University touts GapSense software to control data traffic

Client-side software developed by researchers at the University of Michigan has been shown to control the onslaught of mobile data traffic and reduce interference among devices using Wi-Fi, Bluetooth and Zigbee.

The researchers' GapSense software enables devices to communicate with one another, exchanging simple stop and warning messages so their communications collide less often. Tests of GapSense have shown it can reduce interference by more than 88 percent on some networks with diverse devices, according to the university.

"GapSense creates a common language of energy pulses and gaps. The length of the gaps conveys the stop or warning message. Devices could send them at the start of a communication or in between information packets to let other gadgets in the vicinity know about their plans," said the university.

"Since [devices] don't have a direct means of communicating with each other because they use different protocols, we thought, 'How can we coordinate them so that each can perform their functions while minimizing interference with the others?'" said Kang Shin, a professor of computer science at the University of Michigan.

Shin and Xinyu Zhang, a former doctoral student in electrical engineering and computer science, are presenting their work on GapSense April 18 during the IEEE International Conference on Computer Communications in Turin, Italy.

The researchers contend the carrier sense multiple access (CSMA) protocol that programs devices to listen for radio silence before they send their own transmissions often does not work.
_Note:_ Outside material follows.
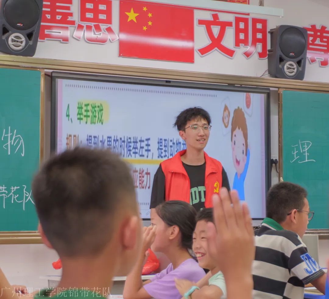上课初始,队员们都进行简短的自我介绍后,每位同学陆续上台自我介绍,“英红小小物理家”的物理课程也正式拉开帷幕。课堂上,实践队的队员们先以趣味课堂拉近与小朋友们的距离,通过与小朋友们一起参与有趣的小游戏、发放小礼物,激发了他们对课堂的兴趣,为后续的课堂教学的开展、课堂教学方式的调整提供了很大的帮助。

During tests in a simulated office environment, the researchers found that with moderate Wi-Fi traffic, there was a 45 percent collision rate between ZigBee and Wi-Fi. GapSense reduced that to 8 percent.

GapSense also targets variances between Wi-Fi standards. At moderate Wi-Fi traffic, the researchers detected around a 40 percent collision rate between wider and narrower-bandwidth Wi-Fi devices, and GapSense reduced it to virtually zero, said the university.

The University of Michigan's work is funded by the National Science Foundation. The university is pursuing patent protection for the intellectual property and is seeking commercialization partners to help bring the GapSense to market.